**PROBLEM STATEMENT:** Only the text carries over: repeat the records exactly and drop the images.
- - - - - - -
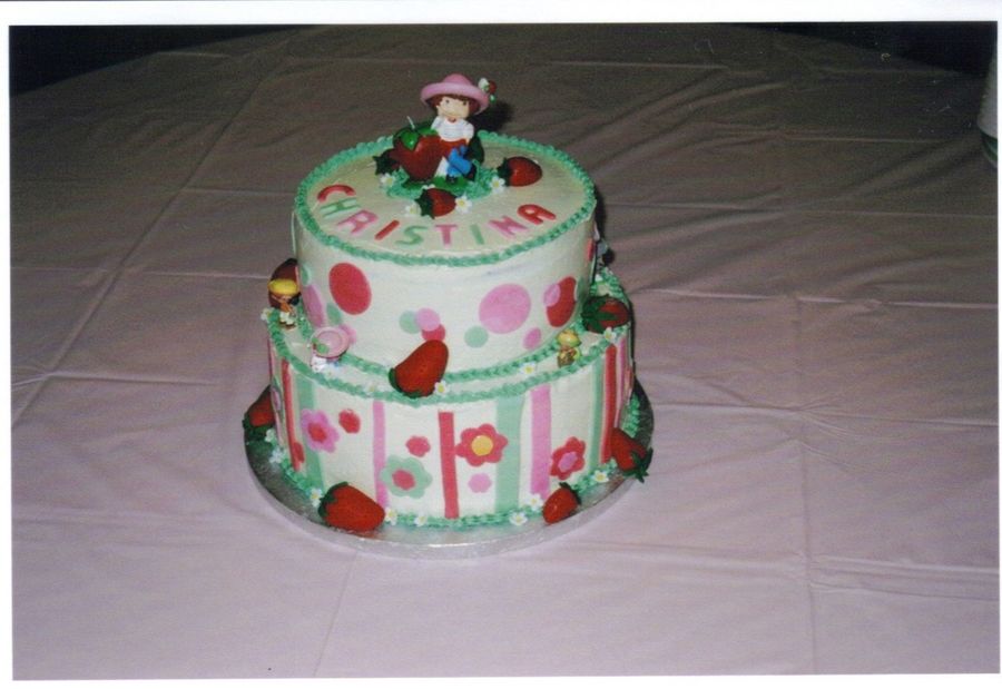 Vanilla cake with fresh strawberry filling and IMBC, iced in IMBC with fondant accents...thanks to all the other Strawberry Shortcake pics that inspired me.
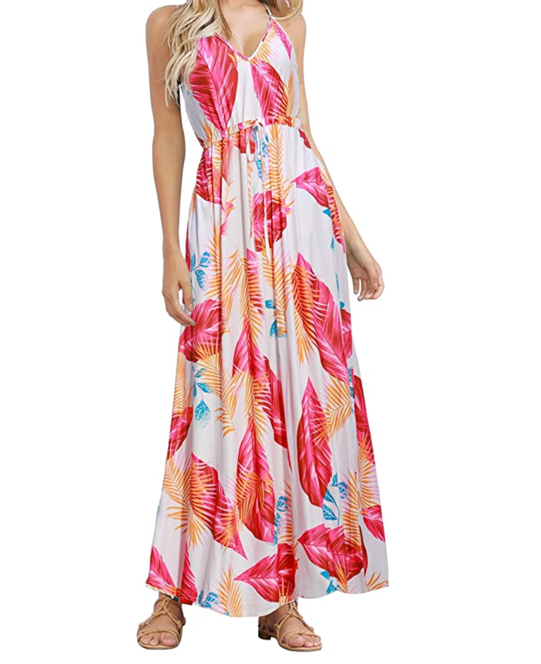 Add a splash of color to your summer wardrobe with this tropical print maxi dress with flattering drawstring to show off your figure.
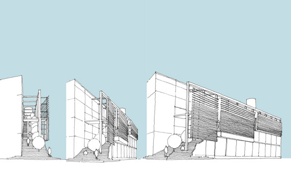 2. VDB ARGENT is a proposal for an office building on a corner site. The southern facade is protected using an aluminum screen and an external stair with gardens. This public realm is to be used by the tenants to get to the cafeteria on the roof.
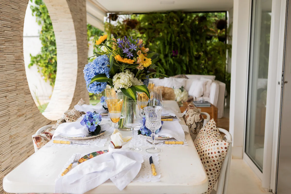 Vanessa destaca que sempre gostou de realizar celebrações em sua casa em torno do clima de primavera. “Não sei se é porque eu nasci na primavera, e a Cleucy também, mas pensei nesse momento primaveril, descontraído, para dançarmos e brindarmos a vida. Todo mundo estava na mesma energia. Foi uma tarde agradável, gostosa, íntima e divertida”, acrescenta.
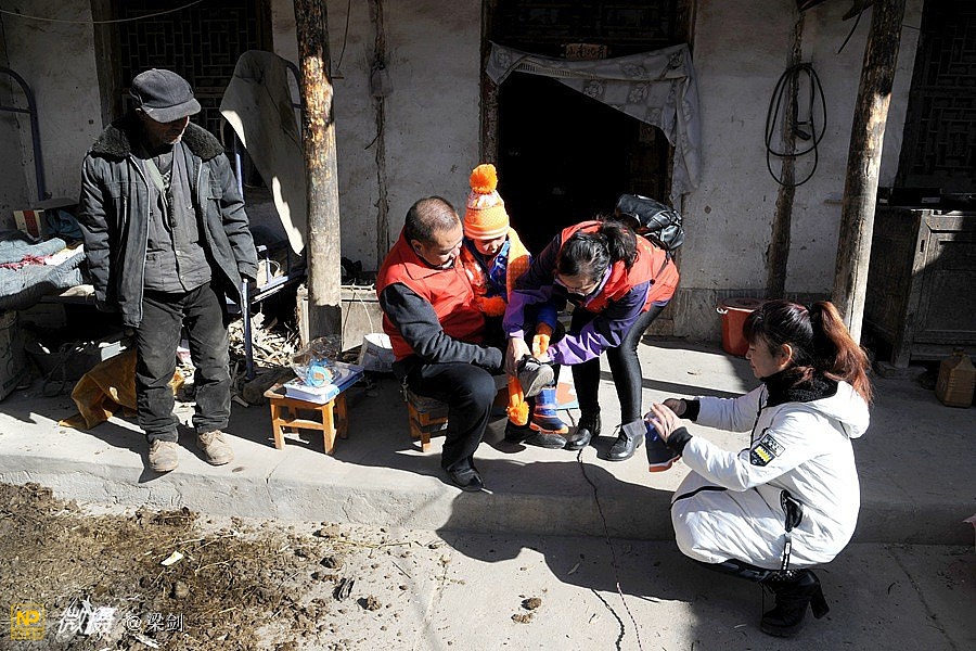 在寒风凛冽中爱心捐助活动接近尾声,爱心志愿者冯积科老师,也是驻下川村扶贫干部扶贫工作队队长兼第一书记,再次带领志愿者走进贫困村民家中,送去爱心物品和现金
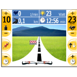 Motomed Thera Vital s velkým displejem nabízí působivější grafiku. Úvodní obrazovka zobrazuje tlačítko start / stop / pauza uzamčení tlačítek, deaktivace zapnutí a vypnutí. Přepínání cvičení mezi horní a dolní částí těla, spastik - funkci proti křečím, různé režimy cvičení, tepovou frekvenci. Při aktivním cvičení zobrazuje Váš výkon, hlásí informace o ukončení cvičení a asistuje při nastupování / vystupování z motomedu. Sloupce symetrie Vám procentuálně vyhodnotí v jaké kondici je konkrétní končetina.
- - - - - - -
**WRITTEN ANSWER:**
 Vanilla cake with fresh strawberry filling and IMBC, iced in IMBC with fondant accents...thanks to all the other Strawberry Shortcake pics that inspired me.
 Add a splash of color to your summer wardrobe with this tropical print maxi dress with flattering drawstring to show off your figure.
 2. VDB ARGENT is a proposal for an office building on a corner site. The southern facade is protected using an aluminum screen and an external stair with gardens. This public realm is to be used by the tenants to get to the cafeteria on the roof.
 Vanessa destaca que sempre gostou de realizar celebrações em sua casa em torno do clima de primavera. “Não sei se é porque eu nasci na primavera, e a Cleucy também, mas pensei nesse momento primaveril, descontraído, para dançarmos e brindarmos a vida. Todo mundo estava na mesma energia. Foi uma tarde agradável, gostosa, íntima e divertida”, acrescenta.
 在寒风凛冽中爱心捐助活动接近尾声,爱心志愿者冯积科老师,也是驻下川村扶贫干部扶贫工作队队长兼第一书记,再次带领志愿者走进贫困村民家中,送去爱心物品和现金
 Motomed Thera Vital s velkým displejem nabízí působivější grafiku. Úvodní obrazovka zobrazuje tlačítko start / stop / pauza uzamčení tlačítek, deaktivace zapnutí a vypnutí. Přepínání cvičení mezi horní a dolní částí těla, spastik - funkci proti křečím, různé režimy cvičení, tepovou frekvenci. Při aktivním cvičení zobrazuje Váš výkon, hlásí informace o ukončení cvičení a asistuje při nastupování / vystupování z motomedu. Sloupce symetrie Vám procentuálně vyhodnotí v jaké kondici je konkrétní končetina.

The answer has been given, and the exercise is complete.